- TASK DESCRIPTION:
Once you find the line with "other components. |" in the entries below, print it and each line after it up to and including the line with "This carton box", exactly, without pictures.

- EXERCISE MATERIAL:
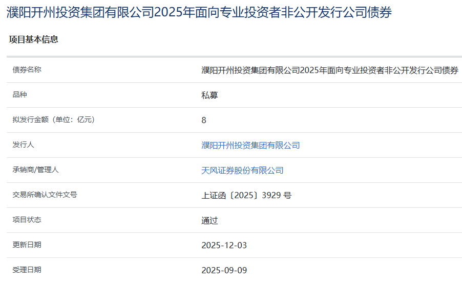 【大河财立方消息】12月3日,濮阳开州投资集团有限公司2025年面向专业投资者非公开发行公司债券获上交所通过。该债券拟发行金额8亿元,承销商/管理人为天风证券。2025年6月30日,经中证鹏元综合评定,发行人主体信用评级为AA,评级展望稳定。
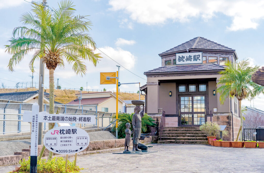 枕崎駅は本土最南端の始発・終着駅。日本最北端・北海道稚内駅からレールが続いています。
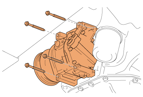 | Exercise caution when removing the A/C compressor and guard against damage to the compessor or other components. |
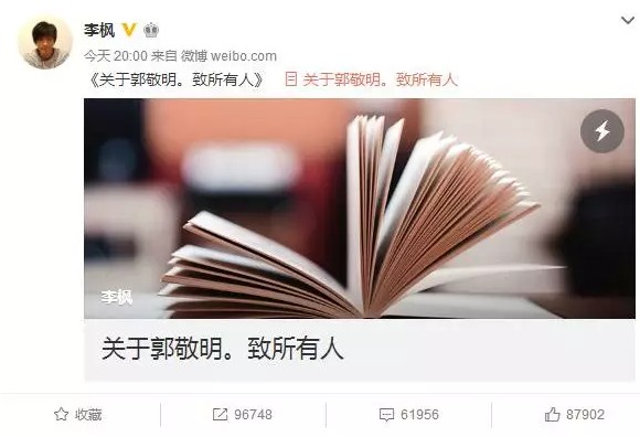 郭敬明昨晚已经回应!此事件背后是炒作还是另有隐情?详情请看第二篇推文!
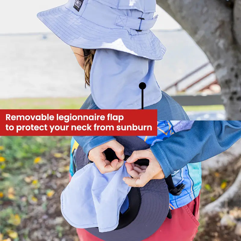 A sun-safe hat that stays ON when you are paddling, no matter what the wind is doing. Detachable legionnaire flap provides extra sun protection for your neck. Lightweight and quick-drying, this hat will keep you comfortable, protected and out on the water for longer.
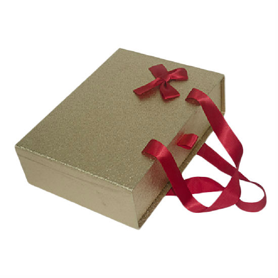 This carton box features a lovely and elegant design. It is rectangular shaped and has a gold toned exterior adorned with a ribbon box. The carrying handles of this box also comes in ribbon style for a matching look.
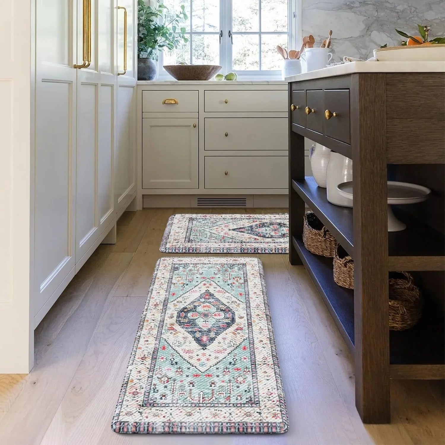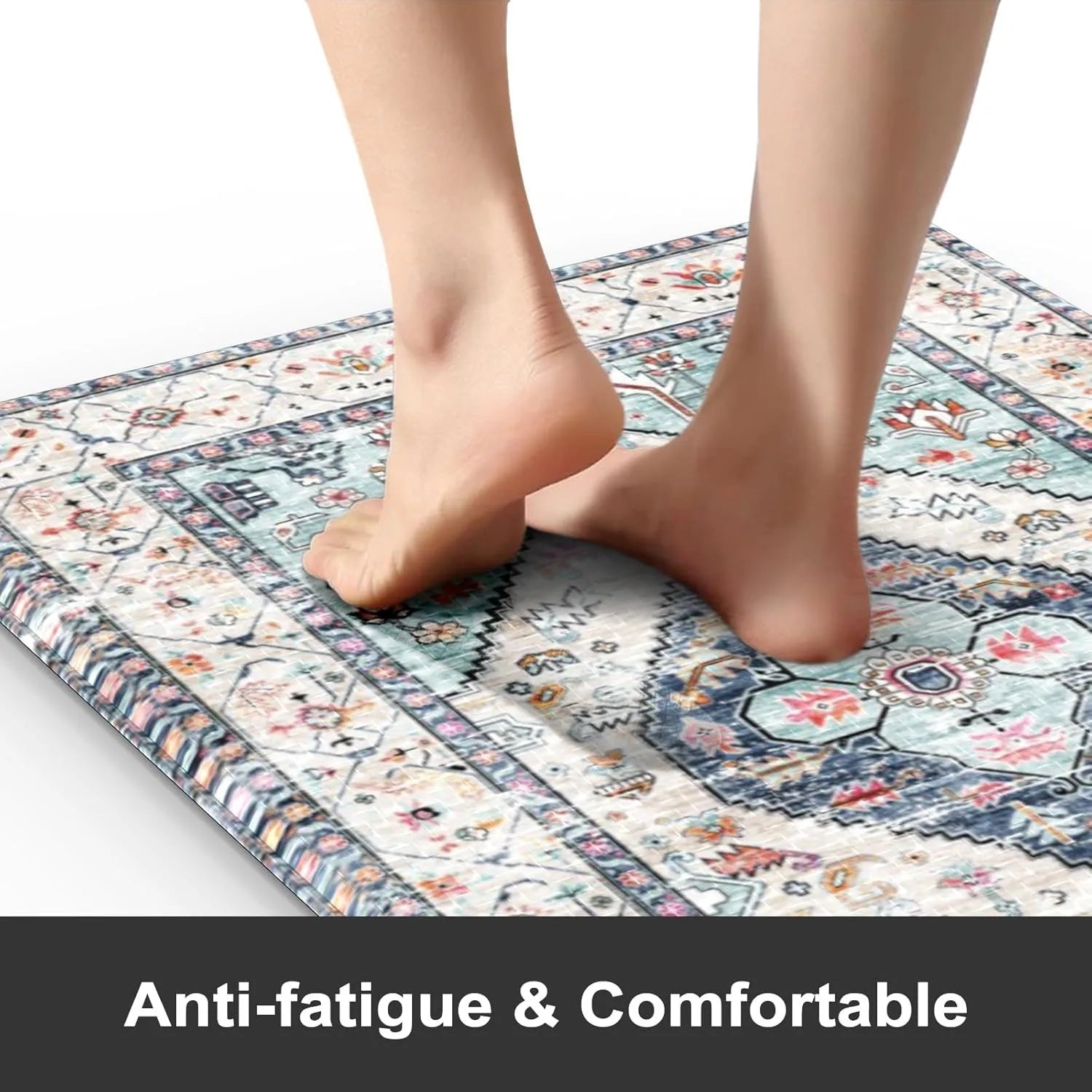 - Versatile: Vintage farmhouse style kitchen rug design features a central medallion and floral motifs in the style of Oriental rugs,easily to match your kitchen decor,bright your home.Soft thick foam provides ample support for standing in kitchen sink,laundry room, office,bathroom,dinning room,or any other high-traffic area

- EXERCISE OUTPUT:
 | Exercise caution when removing the A/C compressor and guard against damage to the compessor or other components. |
 郭敬明昨晚已经回应!此事件背后是炒作还是另有隐情?详情请看第二篇推文!
 A sun-safe hat that stays ON when you are paddling, no matter what the wind is doing. Detachable legionnaire flap provides extra sun protection for your neck. Lightweight and quick-drying, this hat will keep you comfortable, protected and out on the water for longer.
 This carton box features a lovely and elegant design. It is rectangular shaped and has a gold toned exterior adorned with a ribbon box. The carrying handles of this box also comes in ribbon style for a matching look.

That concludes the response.